Column By RICK GREEN

November 09, 2007

We've got over 100,000 seats in public school classrooms in suburbs around Hartford and there's room for just 1,000 city kids.

One percent.

That's so pathetic it's embarrassing to even say.

But as the Sheff school desegregation case is again in Superior Court this week, it's a failure we have to confront.

Sure, Hartford schools must improve. Perhaps we need more regional magnet programs. But can't we do better than the 1,070 children currently in the 40-year-old Project Choice voluntary school busing program?

Our affluent and middle class towns say they don't have space for more than this. Fine, but there are consequences here - be prepared for the day when we can't find enough skilled workers or bunks in our prisons.

There are hundreds of children on the waiting list for this proven program that disperses poverty and opens opportunity. Suburban superintendents will tell you these children invariably succeed and end up in college. Isn't this what the Sheff case - and public education - is about?

As it turns out, there's a reason for this limited success: Most of the money doesn't follow the kid to the suburbs.

"The grant that follows the child is woefully insufficient," said Bruce Douglas, director of the Capitol Region Education Council, which runs Project Choice.

So, for example, the state of Connecticut - which is under a court order to desegregate metropolitan Hartford schools - gives Avon about $2,500 for each of the 41 children it takes. The district, however, spends about $11,000 per child.

Meanwhile, Hartford keeps most of the money it would have spent educating this child. Much of that money comes from state taxpayers.

This is no education crisis, it's a taxpayer rip-off.

"There isn't enough of an incentive," said Avon Superintendent of Schools Richard Kisiel, in comments repeated to me by other superintendents.

There are a million bureaucratic reasons why the legislature set the $2,500 amount. The idea that taxpayers' money should follow the student is a radical notion in public education, where failure is almost never penalized.

Meanwhile, because "my parents are screaming about class size," Kisiel said, Project Choice becomes "an issue I try to keep it as low-profile as I can."

The Sheff plaintiffs say the state should have the authority to order districts to take more kids. State Education Commissioner Mark McQuillan told me he doesn't want to strong-arm districts to take more Hartford kids, but he has commissioned a study to look at how much space they really have in their classrooms.
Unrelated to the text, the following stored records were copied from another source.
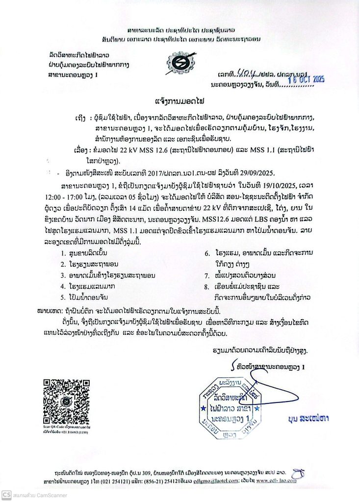 ແຈ້ງການມອດໄຟ ວັນທີ 19/10/2025
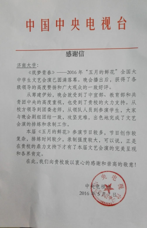 4月30日,香港三级片 舞蹈系学生成功地参演了《筑梦青春》——2016年“五月的鲜花”全国大中学生文艺会演。近日,中央电视台向我校发来感谢信,感谢我校在此次会演中所作的各项工作。感谢信的具体内容如下:
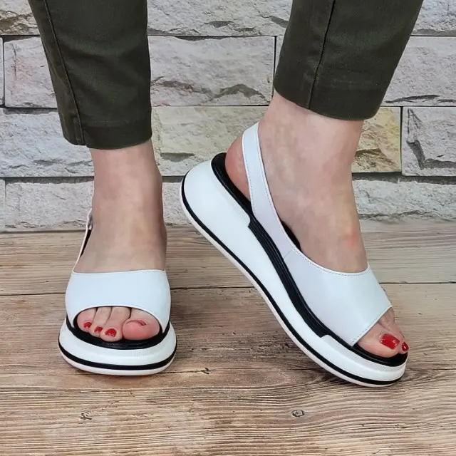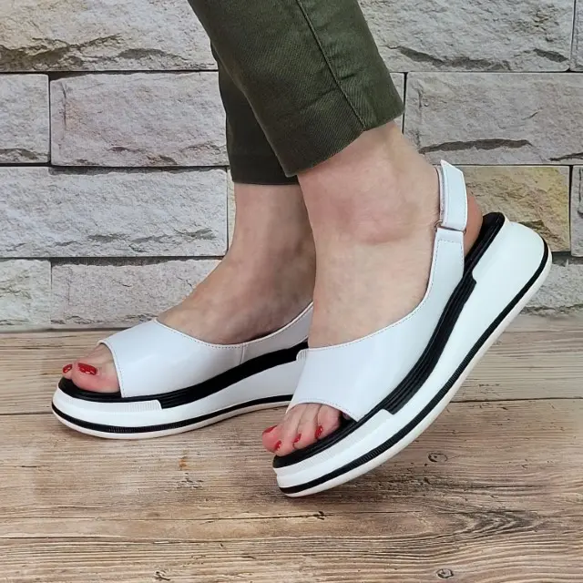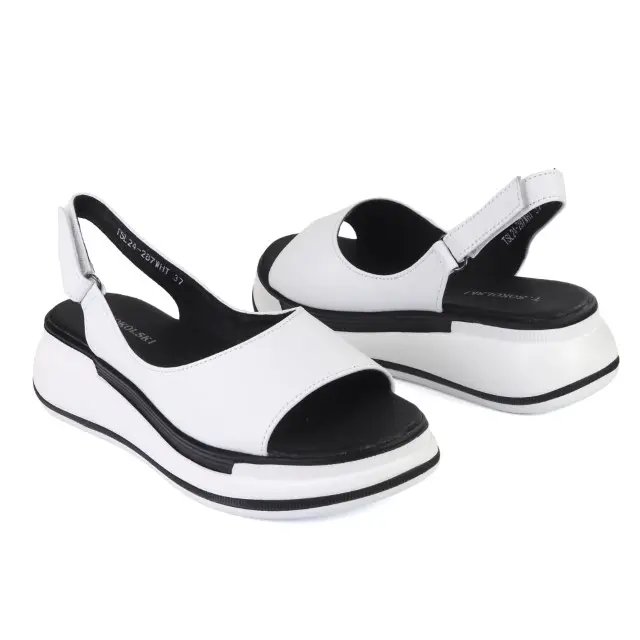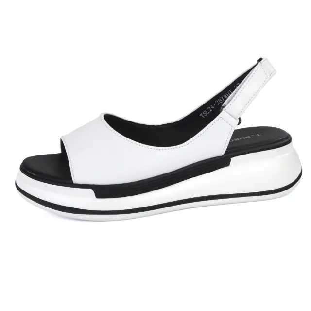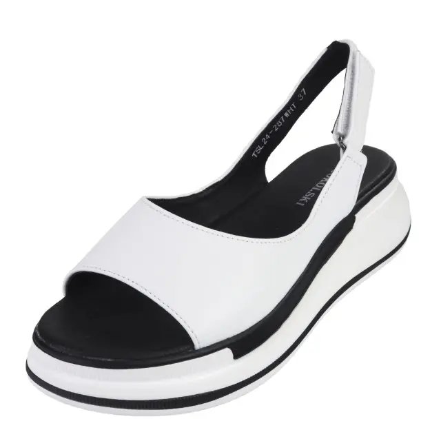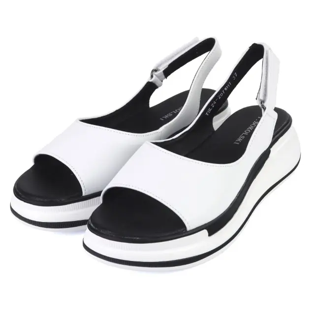 Stylowe i wygodne sandały damskie marki T.Sokolski. Cholewka jest wykonana z wysokiej jakości skóry naturalnej w kolorze białym. Wkładka jest miękka i ze skóry ekologicznej . Modna podeszwa - platforma jest wykonana z wysokogatunkowego tworzywa. Buty są zapinane na rzep z boku. Uroku dodaje dwukolorowa podeszwa. Ponadczasowe i komfortowe sandały sprawdzą się w letnie i upalne dni do wielu stylizacji.
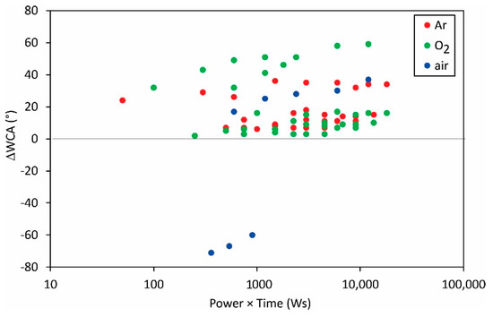 The difference between the initial static water contact angle and the WCA after the treatment versus the product of the reported discharge power and treatment time.

"Some of this is about will," McQuillan told me. But it's also about hiring teachers and expanding classrooms for children who don't live in their town - not to mention overcoming worry that city kids will lower test scores. Just look at the numbers: Glastonbury accepts 42 kids, while Wethersfield has a woeful 13.

Two decades ago, West Hartford had 267 students coming from Hartford; now it has 77. School Board Chairman Jack Darcey told me his district is now 34 percent minority and schools have grown more overcrowded.

"We can probably do a little more," Darcey said. "You send the money with the kid, you will see a different response."

One percent. We need a judge, a governor or an education commissioner with the backbone to tackle this.